Ontwikkelingen verplichte AOV
Het kabinet heeft de plannen voor een verplichte arbeidsongeschiktheidsverzekering (AOV) voor zelfstandigen verder uitgewerkt. De verzekering (die waarschijnlijk niet eerder dan in 2027 beschikbaar is) biedt een uitkering van maximaal het minimumloon en kent een wachttijd van 1 jaar. Zelfstandigen met een BV vallen voorlopig buiten de verplichting.

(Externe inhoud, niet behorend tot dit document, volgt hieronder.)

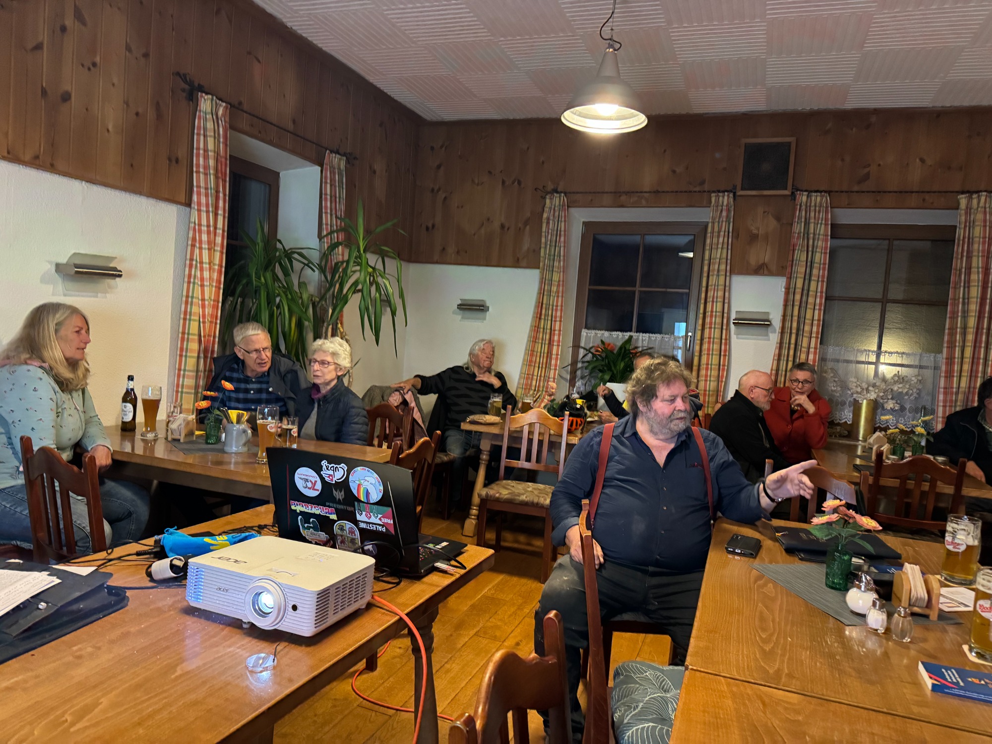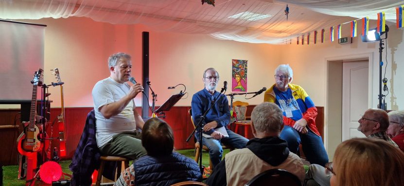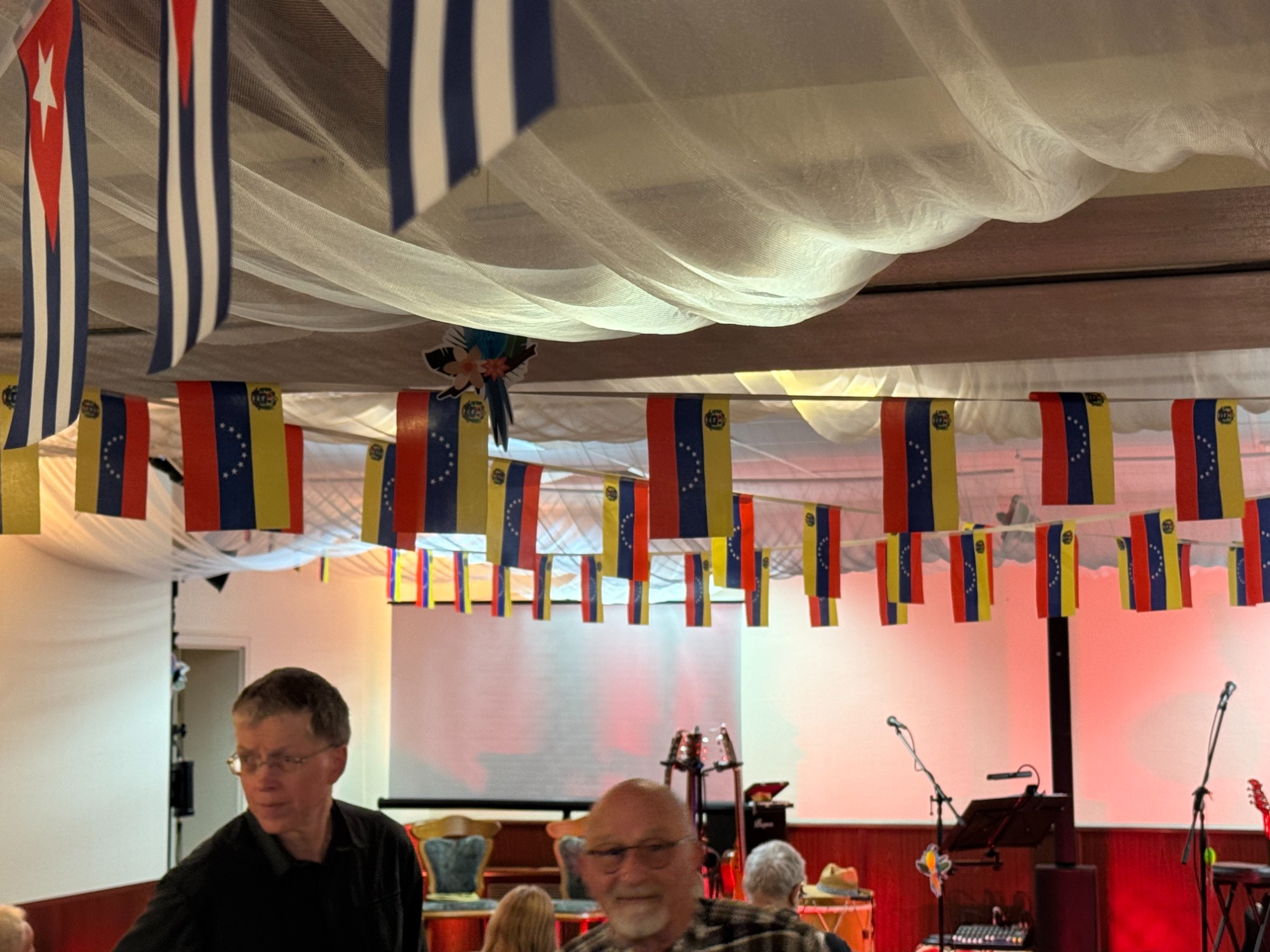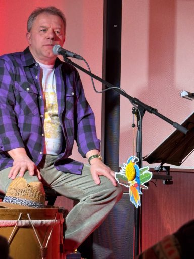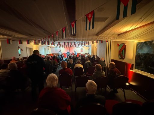 Unter LaTINOamerikacano stand die thematische Ausrichtung fest. Es ging vornehmlich, um die solidarische Unterstützung der fortschrittlichen Kräfte Lateinamerikas und hier im speziellen um Kuba und Venezuela. Genau jene zwei Länder, die seit 2026 aufgrund der völkerrechtswidrigen Aggressionen der USA gegenüber beiden Ländern im besonderen Focus der Weltöffentlichkeit stehen. Neben den vielfältigen lateinamerikanischen Liedern, die Tino und sein Gesangspartner an diesem Wochenende Tobias Thiele und als weiteren Gast Lautaro Valdez einen chilenischen Sänger, der vor der faschistischen Pinochet-Regierung flüchten musste, ein breites musikalisches Programm präsentierte. Diese Gesangseinlagen, die jede für sich genommen, schon ein unvergessliches Erlebnis boten, wurden mit vielen Gedichten von Pablo Neruda den Nobelpreisträger für Kultur, abwechslungsreich ergänzt. Des Weiteren wurde in einem längeren Interview mit den Vertretern von CubSi und GeFiS über die aktuelle Lage in Kuba wie in Venezuela den anwesenden Gästen ein ganz aktuelles Bild geboten. Im Anschluss wurden Fragen der interessierten Teilnehmer beantwortet.

Het doel van een verplichting van de AOV is een financieel vangnet voor zelfstandigen die arbeidsongeschikt raken; het zorgt dat werkenden zich kunnen verzekeren tegen dit risico. De AOV voorkomt ook dat risico’s worden afgewenteld op het collectief, waarbij niet-verzekerde zelfstandigen bij arbeidsongeschiktheid in de met publieke middelen gefinancierde bijstand terecht komen. Tenslotte draagt het bij aan het gelijker trekken van de bescherming en behandeling van zelfstandigen en werknemers.

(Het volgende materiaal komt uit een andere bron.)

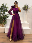 Deze lange jurk heeft een uniek bloemenmotief. Het ontwerp met één schouder en de zijsplit voegen een vleugje elegantie toe.
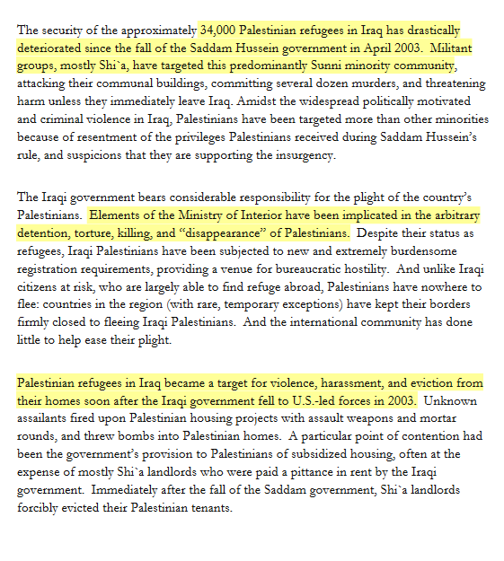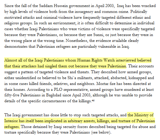 According to HRW, Shia militias (current Axis of Resistance; PMF) did not spare much time before attacking the Palestinian communities in Baghdad after the toppling of Saddam’s regime 2003.
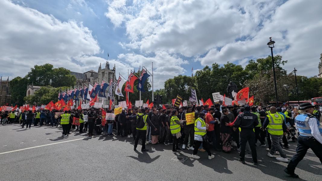 முள்ளிவாய்க்கால் 16ம் ஆண்டு நினைவு நாளை முன்னிட்டு, தமிழர் ஒருங்கிணைப்புக் குழு மற்றும் தமிழ் இளையோர் அமைப்பினரால் இன்று லண்டனில் நினைவு நிகழ்வு முன்னெடுக்கப்பட்டது. பிரித்தானிய பாராளுமன்ற சதுக்கத்தில் ஆயிரக்கணக்கான புலம்பெயர் தமிழர்கள் திரண்டனர். கொட்டொலிகளுடன் ஆரம்பமான நீதிக்கான போராட்டம், பேரணியாக வெளிவிவகார அமைச்சகம் மற்றும் பிரதமர் இல்லம் வரை முன்னெடுக்கப்பட்டது.
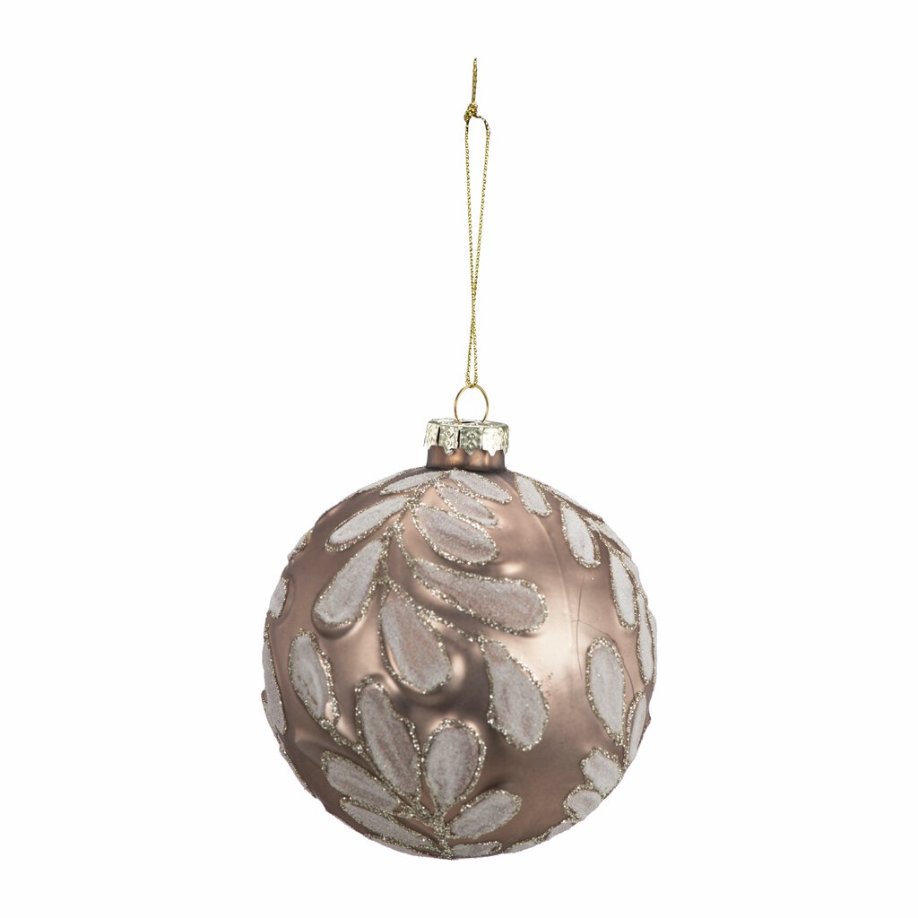 Skab julestemning med denne elegante julekugle i lyserød glas. Kuglen måler Ø10 cm og er dekoreret med grene et smukt lag glitrende glitter i guld og mat hvid , der fanger lyset og giver et festligt spil på juletræet.
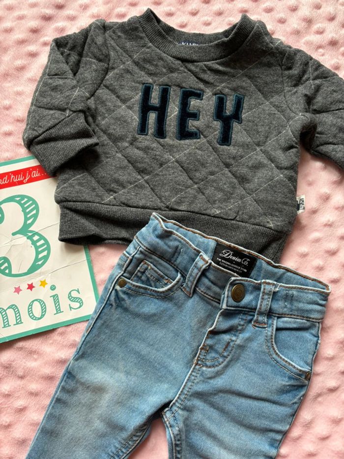 Ensemble👶🏽 Taille🪡: 3 mois 56-62cm / 0-3 mois Marque🛍️: kiabi / denim&co État👍🏽: très bon état Prix💶:5€ ou 3€/pièce #3moissouh

- Het wordt een publieke verzekering (beoogde uitvoerder is het UWV) met een acceptatieplicht.
- De premie bedraagt naar schatting 7,5 tot 8% van het “laatste verdiende” ondernemersinkomen (grof gezegd: omzet minus kosten).

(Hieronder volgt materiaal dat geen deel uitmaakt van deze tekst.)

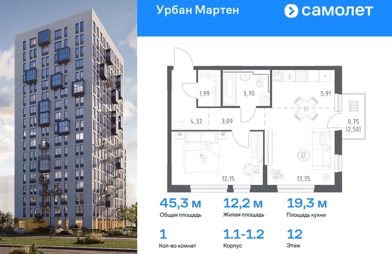 Строим кварталы для жизни с заботой о будущем. Предлагается 1-комнатная квартира комфорт-класса 45,59 кв.м в корпусе 1.1-1.2 на 12 этаже, в ЖК «Урбан Мартен» Квартира с предчистовой отделкой. Доступность дополнительных опций уточняйте у застройщика. Приобрести квартиру возможно по специальным акциям от застройщика, с текущими условиями акций можно ознакомиться в блоке «Акций». Цена динамическая и может отличаться, уточняйте актуальность у застройщика. В жилом комплексе «Урбан Мартен» у вас будет собственная Уфа: домашняя, неторопливая, теплая. Здесь дети будут играть во дворе без машин в догонялки, собака сможет бегать за палкой по пляжу, а с соседями получится встречаться не только у лифта, но и на утренних занятиях йогой на зеленой лужайке рядом с домом. Жилой комплекс «Урбан Мартен» находится в Демском районе — самом тихом и зеленом в Уфе. Здесь можно открывать окна нараспашку, чтобы квартира наполнялась свежим воздухом, и наблюдать с балкона, как покачиваются макушки деревьев. #yan19-2r1758356#О застройщике
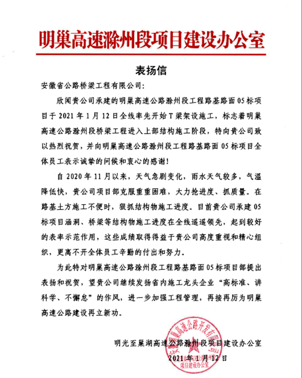 1月12日,明巢高速滁州段項(xiàng)目辦給公司來(lái)信,對(duì)公司承建的明巢高速05標(biāo)在全線(xiàn)率先開(kāi)始T梁架設(shè)進(jìn)行表?yè)P(yáng)。
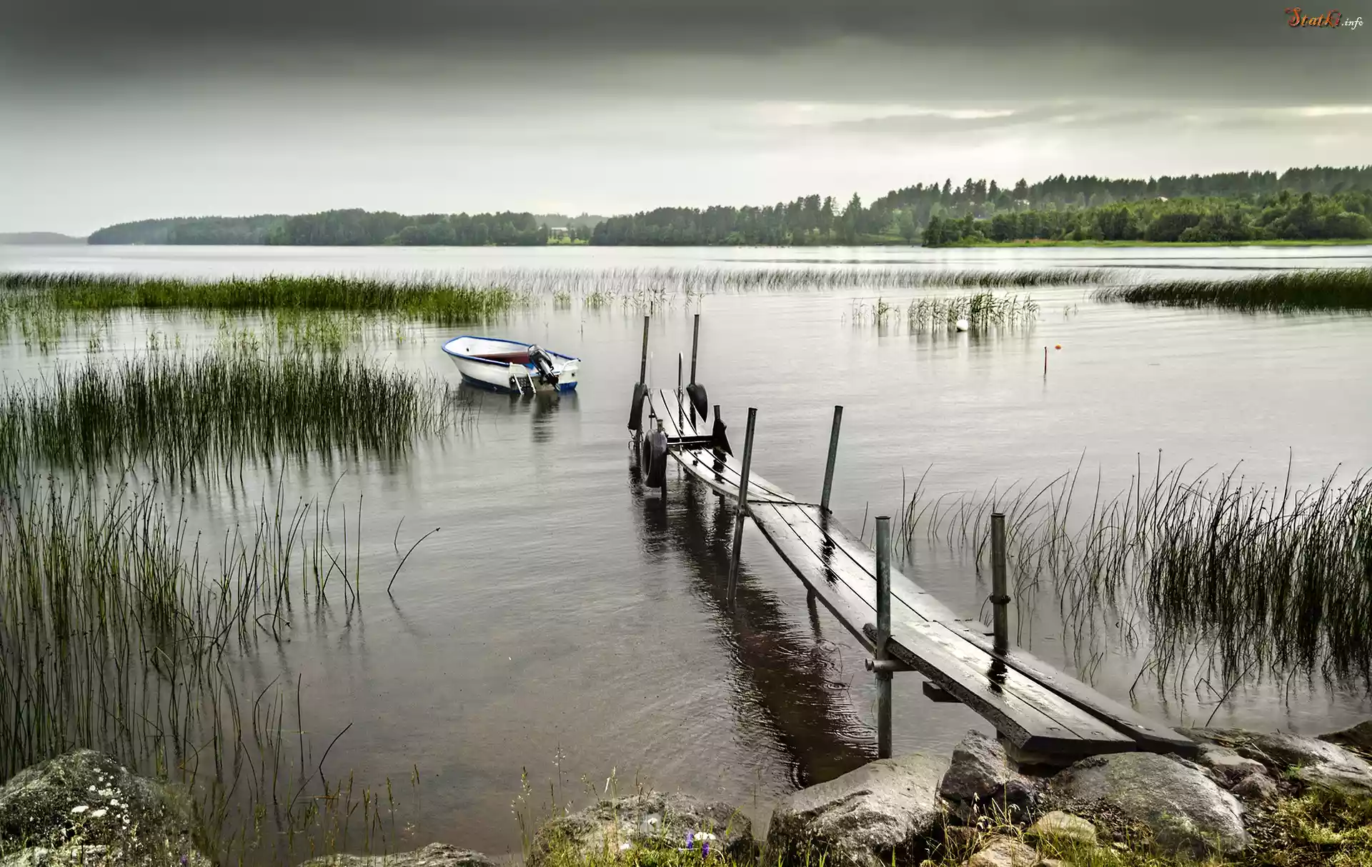Statek Jezioro, Pomost, Łódka, Trzciny
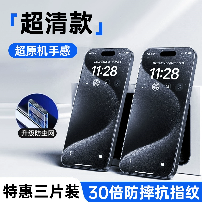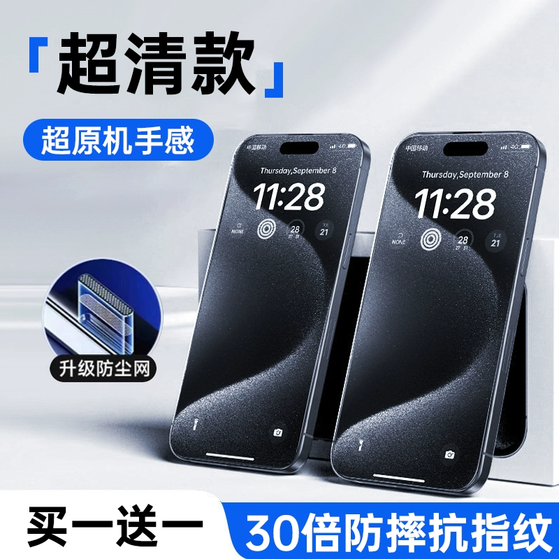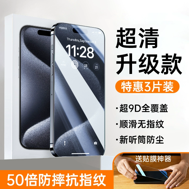 The first guard is suitable for iphone15promax tempered film Apple 15/14 mobile phone film 13pro new style 12 full screen 11 film xs high definition ip anti-fingerprint pm anti-fall por anti-peeping xr eye protection i

- Er wordt premie betaald over het inkomen tot 143% van het minimumloon (minimumloon bedraagt nu € 1.934 per maand). Je betaalt dus premie over het inkomen tot € 33.187. Daarboven behoeft er geen premie betaald te worden.
- De maximale premie per maand wordt dan iets meer dan € 200 per maand (1,43 * € 1.934 * 7,5% premie = € 207,42). De premies zijn fiscaal aftrekbaar.
- Hoe lager het inkomen, hoe lager de premie, maar dus ook hoe lager de uitkering. Vooralsnog is er geen sprake van een ondergrens.
- Er komt een wachttijd van een jaar. Dat betekent dat zelfstandigen een jaar ziekte zelf moeten overbruggen voordat ze een uitkering krijgen. Natuurlijk kan iemand zich via een private partij verzekeren voor dat wachtjaar.
- De verplichting gaat gelden voor alle IB-ondernemers (ondernemers voor de inkomstenbelasting, met en zonder personeel) en meewerkende echtgenoten. Een IB-ondernemer is bijvoorbeeld iemand met een eenmanszaak (ook dan kan er personeel in dienst zijn). Aanvankelijk was het plan om de verplichting te laten gelden voor zzp’ers, maar daar kan de belastingdienst niet mee uit de voeten.
- De verplichting geldt niet voor directeur -grootaandeelhouders (dga’s) van een BV en niet voor “resultaatgenieters” (wanneer iemand geen ondernemer is, maar wel inkomsten heeft, bijvoorbeeld naast een baan). Mocht het uitvoeringstechnisch haalbaar worden, dan kunnen dga’s alsnog onder de verplichting vallen.
- Het kabinet onderzoekt nog of een opt-out mogelijk is. Dat betekent dat een zelfstandige de keuze krijgt om in plaats van deze verzekering een private verzekering af te sluiten. Die moet minstens dezelfde dekking en premie hebben als de publieke verzekering. De minister wil daarbij dat deze privaatverzekerden via een stabiliteitsbijdrage meebetalen aan het collectief.
- Het kabinet ziet onderlinge waarborgfondsen niet als alternatief voor de verplichte verzekering. Volgens het kabinet doen zulke fondsen af aan de uitlegbaarheid van het stelsel Aanvullend acht het kabinet zulke waarborgfondsen juridisch kwetsbaar.